Intraperitoneal administration of radioisotopes is suggested to treat the metastatic ovarian cancer in the peritoneal cavity. Administering beta-emitting radioisotopes into the peritoneal cavity allows the maximum energy delivery to the cancerous cells of the peritoneal wall surface while sparing the normal cells located in deep site of the peritoneal wall. In this study, dose estimates of the peritoneal wall are provided to be used for prescribing the amount of $^{166}Ho$-chitosan complex administered. The $^{166}Ho$-chitosan complex diffused in the peritoneal fluid may attach to the peritoneal wall surface. The attachment fraction of $^{166}Ho$-chitosan complex to the peritoneal wall surface is obtained by simulating the ascites with Fischer rats.
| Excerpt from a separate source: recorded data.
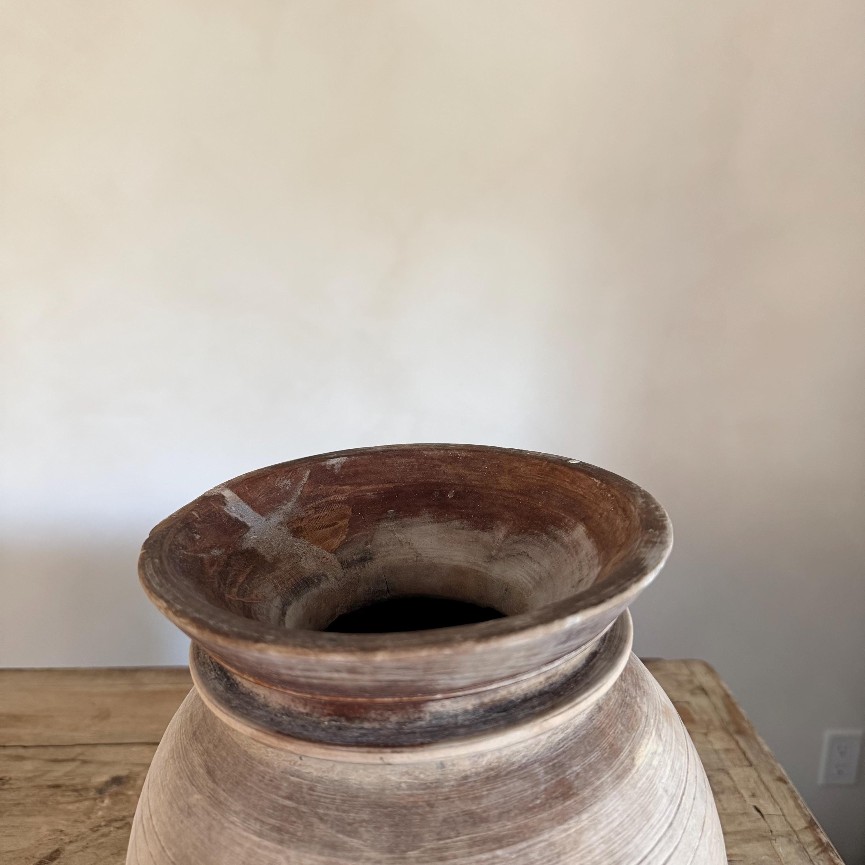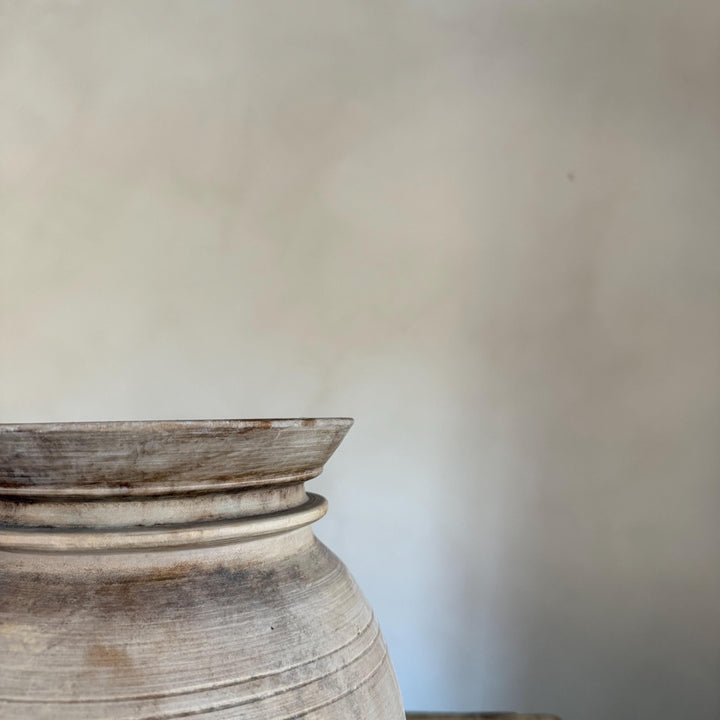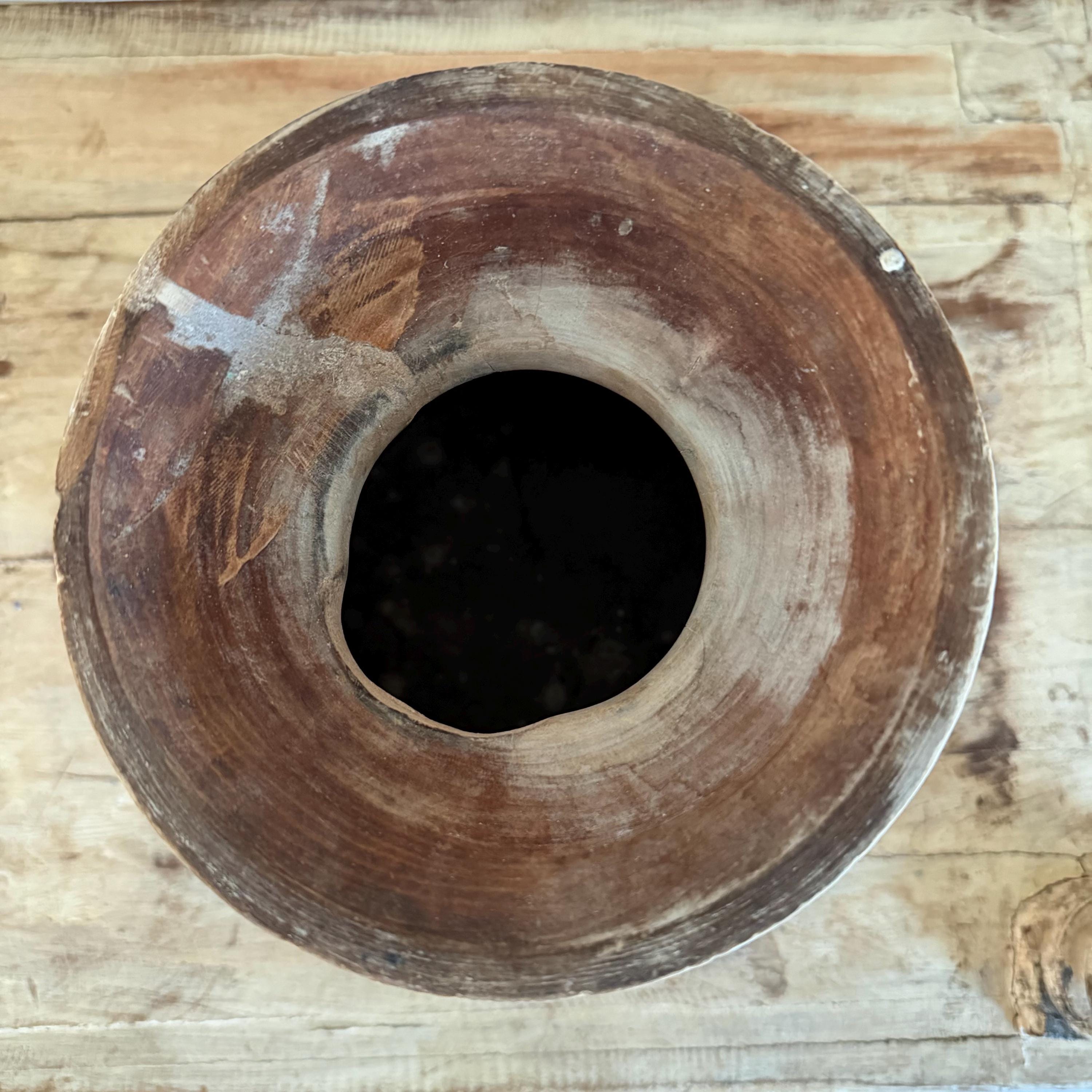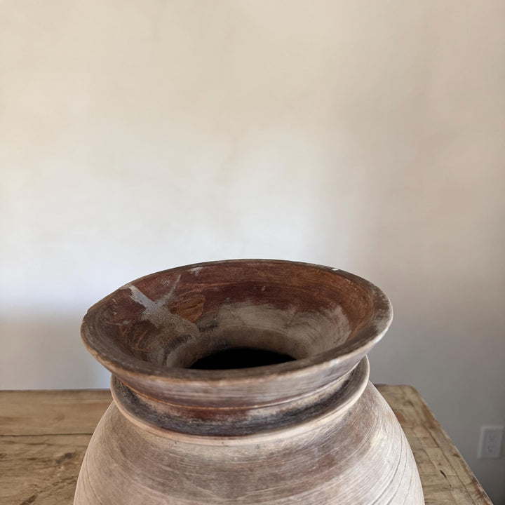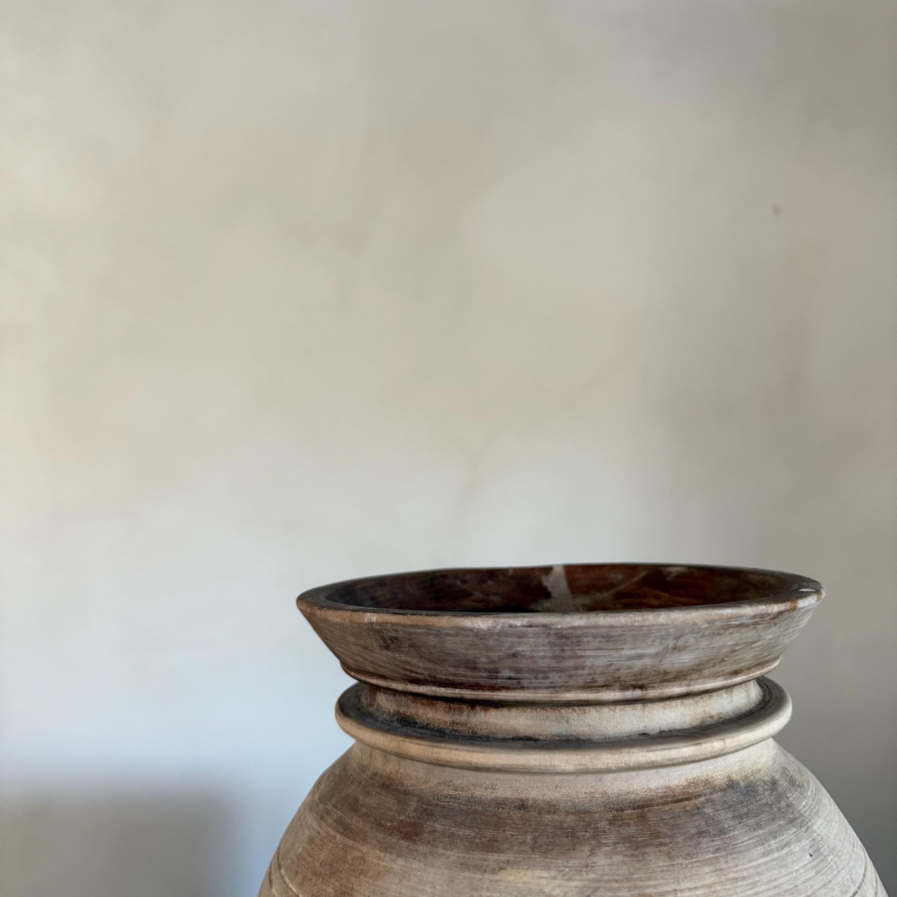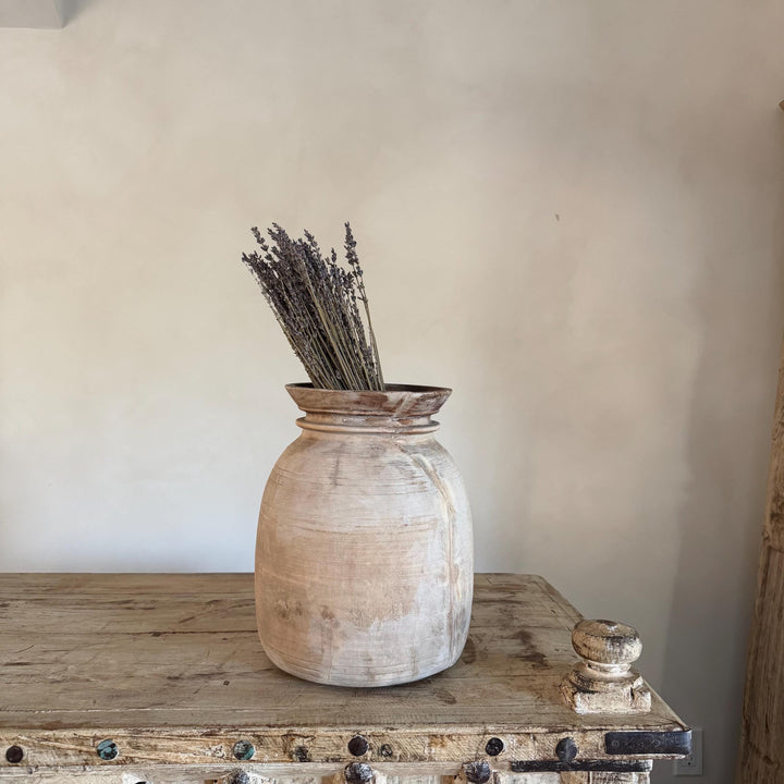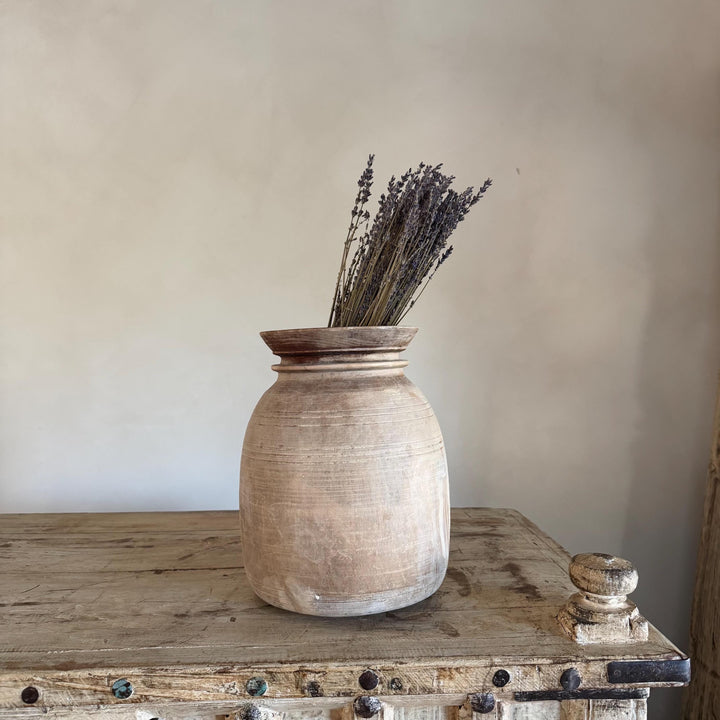 Large Antique Teak Wood Vase 11.5" | Vintage Bleached Vessel | Hand Carved Wabi Sabi Jar
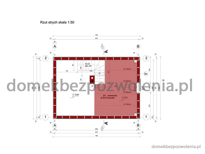 Gotowy projekt Budynku Gospodarczego do 35m2 - szkieletowy, antresola drewniana.
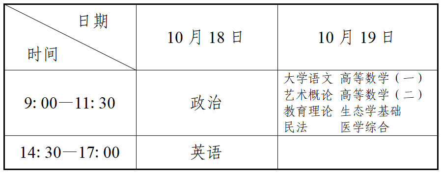 专升本各学科门类全国统考科目均为三门。两门公共课为政治、英语,一门专业基础课根据招生专业所隶属的学科门类确定(共分八类),考试科目为:
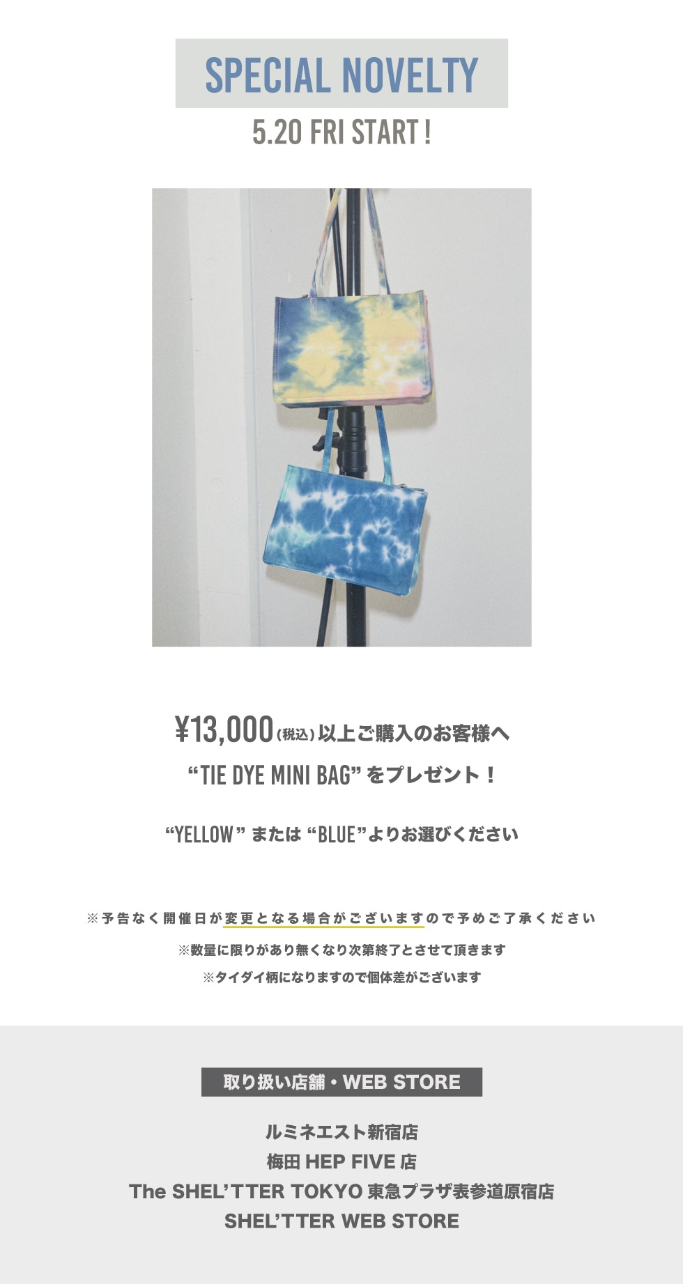 - ※5.20(金)12:00からSHEL'TTER WEB STOREにてLAGUA GEMの商品を一回のご注文で、¥13000(税込・送料/手数料別)以上購入して頂いたお客様に「TIE DYE MINI BAG」をプレゼント致します。
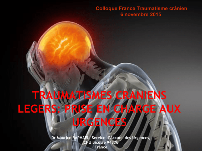 Colloque France Traumatisme crânien 6 novembre 2015 TRAUMATISMES CRANIENS LEGERS: PRISE EN CHARGE AUX URGENCES Dr Maurice RAPHAEL, Service d’Accueil des Urgences, CHU Bicêtre 94370 France Traumatisme crânien Fréquence élevée Absence de corrélation Clinico-lésionnelle formelle Retentissement Psycho-socio-affectif Une situation particulière Qui complique la démarche Diagnostique de l’urgentiste DE QUOI PARLE T-ON? • Un traumatisme crânien peut résulter d’un choc direct sur un crâne immobile, la face ou le cou ou survenir indirectement lors d’une secousse de la masse encéphalique, consécutive à une brusque accélération/décélération, rotation ou lors d’un blast. • Le qualificatif léger s’applique par convention pour les patients ayant un score de Glasgow compris entre 13 et 15, mesuré dans les 30 minutes suivant le traumatisme. • La quasi totalité des TC vus aux urgences ont un score de Glasgow à 15. Les scores < 14 sont orientés directement vers les réveils DE QUOI PARLE T-ON?(2) Quelque soit le mécanisme, l’énergie cinétique délivrée est à même de générer des lésions cérébrales de différentes natures et d’importance variable. Jusqu’à 8% des traumatismes crâniens légers auraient une lésion décelable sur l’imagerie ; contusion cérébrale, hémorragie sous arachnoïdienne, 1% sont opérés hématome sous dural ou intra 30% auraient des symptômes cérébral. persistants à 3 mois 15% à un an Coût direct et indirect au USA annuellement: 60 000 milliards $ DE QUOI PARLE T-ON?(3) • A la suite d’un TCL, un patient peut présenter des altérations transitoires des fonctions neurologiques, spontanément résolutives en quelques minutes à quelques heures, sans qu’aucune lésion ne soit détectable en imagerie. • On parle alors de commotion cérébrale. L’évolution est le plus souvent favorable, mais des troubles cognitifs invalidants peuvent perdurer. Ces symptômes seraient dus à des lésions axonales de cisaillement, responsables d’un dysfonctionnement métabolique transitoire impactant l’hémodynamique cérébrale et son autorégulation. • Une commotion cérébrale ne résulte pas systématiquement d’un choc direct sur la tête, mais peut résulter d’un impact sur un autre endroit du corps. L’énergie cinétique transmise à l’encéphale peut avoir les mêmes conséquences (coup du lapin ou whiplash par exemple). COMMOTION CEREBRALE • La lésion fantôme • Des troubles cognitifs potentiellement invalidant • Indépendant de la perte de connaissance • Parfois sans aucun symptôme clinique > N’est pratiquement jamais le motif de recours; il faut rechercher signes UNE SITUATION TRES FREQUENTE • 155 000 traumatismes crâniens annuellement en France • Ages moyens : 27 ans pour l’homme, 32 ans pour la femme • 4 causes principales: chutes, AVP, choc non intentionnel dont agressions et accidents sportifs LE SPORT: UN MODELE D’EXPERIENCE • 300 000 TCL/an aux Etats-Unis • 70% des footballeurs • 40% des hockeyeurs au Canada: 4 joueurs sur 5 ne reconnaissent pas les conséquences du TCL malgré la présence de symptômes • 35% des skieurs • Mais aussi rugby, boxe, football • Recrutement du week-end aux urgences TCL ET SPORT • On estime que 20% des athlètes pratiquant ces sports auront au moins un TCL durant une saison. • Chez les jeunes pratiquants en milieu scolaire et amateur, la fréquence des TCL est très certainement sous estimée. Elle varie de 5 à 45% selon qu’il s’agisse d’une déclaration officielle ou de confidence de joueurs. • Aux Etats-Unis et au Canada, chez les 8-19 ans, 50% des TCL sont dus à la pratique sportive. La répétition des TCL au cours de match le weekend, non suivie de consultation, expose des complications potentiellement invalidantes LES MILITAIRES ENGAGES DANS DES CONFLITS • Aux USA, 200 000 soldats engagés en Afghanistan et en Iraq ont été victimes de TCL • 30% souffrent de post concussion syndrome MAIS COMBIEN DANS LA POPULATION DES CONSULTANTS AUX URGENCES? DEUX ENJEUX MAJEURS POUR L’URGENTISTE • Ne pas méconnaître une lésion neurochirurgicale: rare mais grave • Dépister les complications cognitives séquellaires: fréquentes mais ignorées EVALUATION INITIALE Anamnèse Intoxication, anticoagulant? Signes de gravité Glasgow Examen physique Examen neurologique Amnésie post traumatique Symptomatologie ANAMNESE Cinétique du choc +++ Perte de connaissance? Terrain: intoxication? AVK? Convulsions post traumatiques? PERTE DE CONNAISSANCE Considérée comme un facteur déterminant de la prise en charge Manque 1 fois sur 2 en cas de lésion vue au TDM Compatible avec un TC léger jusqu’à 30’ Accroît le risque de complication intracrânienne de 4 fois Isolement n’est pas prédictive de gravité Falimirski ME, Gonzalez R, Rodriguez A et al. The need for head computed tomography in patients sustaining loss of consciousness after mild head injury. J Trauma 2003; 55:1-6 SCORE DE GLASGOW Corrélation formelle entre le GCS et la gravité La probabilité de lésion double lorsque le score passe de 15 à 14 et quadruple à 13 3 à 17% de lésions et jusqu’à 3,3% d’intervention avec un Glasgow à 15 L’évolution du score a beaucoup plus de valeur qu’une mesure initiale isolée AMNESIE POST TRAUMATIQUE Durée corrélée à la gravité des lésions et aux séquelles Une lésion est plus fréquente en cas de troubles de la mémoire (18% vs 5%) TRAUMATISME CRANIEN AMNESIE POST TRAUMATIQUE GLASGOW GRAVE >24 heures 3à8 MOYEN 30 min à 24 heures 9 à 12 LEGER < 20-30 min 13 à 15 SYMPTOMATOLOGIE Les signes régulièrement retrouvés sont: Céphalées Nausées Vomissements vertiges Isolément aucun d’entre eux n’est prédictif de lésion intracrânienne CE QU’IL FAUT RECHERCHER • Les symptômes principaux d’une commotion cérébrale sont une confusion et des troubles mnésiques antérogrades ou rétrogrades.
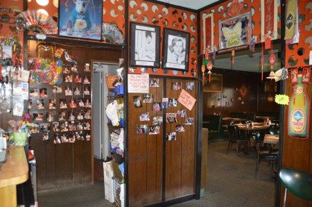 一进入老字号"金星”中餐馆,迎面而来的是热闹纷陈的各种相片。(美国《世界日报》/王善言 摄)
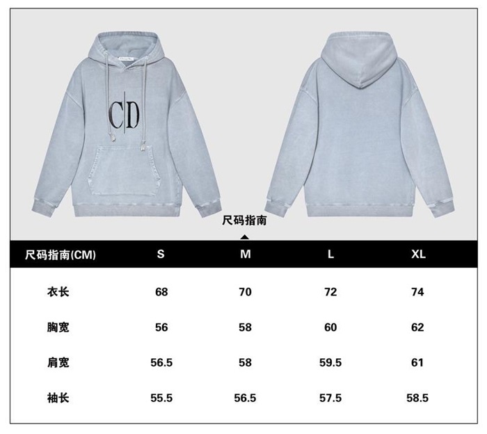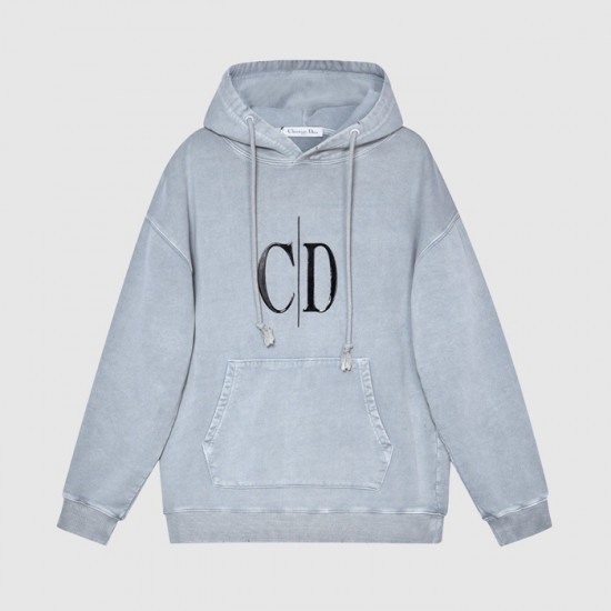 ディオールユニセックスカジュアルコットンフーディo01475グレー
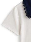 レース襟がキュートなアクセントの配色デザインポロトップス。
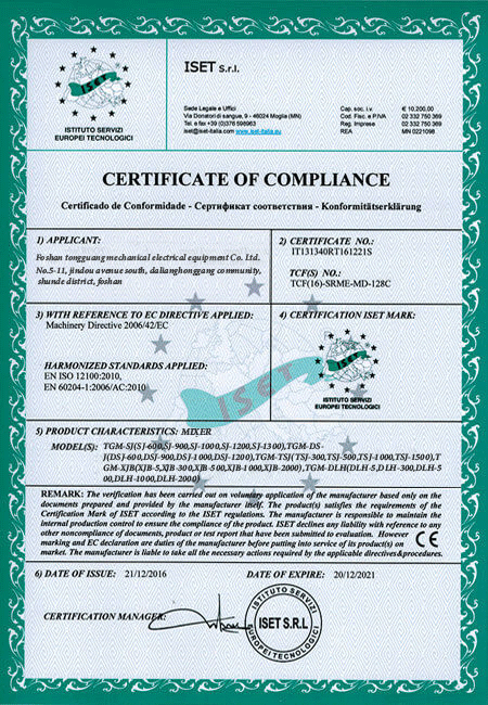 通广机械通过ISO9001质量管理体系认证,CE认证,重合同守信用等各项认证及荣誉。

Both volume source in the peritoneal fluid and the surface source over the peritoneal wall surface are counted for the contribution to the peritoneal wall dose. The Monte Carlo code EGS4 is used to simulate the energy transfer of the beta particles emitted from $^{166}Ho$. A plane geometrical model of semi-infinite volume describes the peritoneal cavity and the peritoneal wall. A semi-infinite plane of $10{\mu}m$ in thickness at every 1 mm of depth in the peritoneal wall is taken as the target in dose estimation. Greater than 98 percents of attachment fraction has been observed from the experiments with Fischer rats. Given $1.3{\mu}Ci/cm^2$ and $2.4{\mu}Ci/ml$ of uniform activity density, absorbed dose is 123 Gy, 8.59 Gy, 3.00 Gy, 1.03 Gy, and .327 Gy at 0 mm, 1 mm, 2 mm, 3 mm, and 4 mm in depth to the peritoneal wall, respectively.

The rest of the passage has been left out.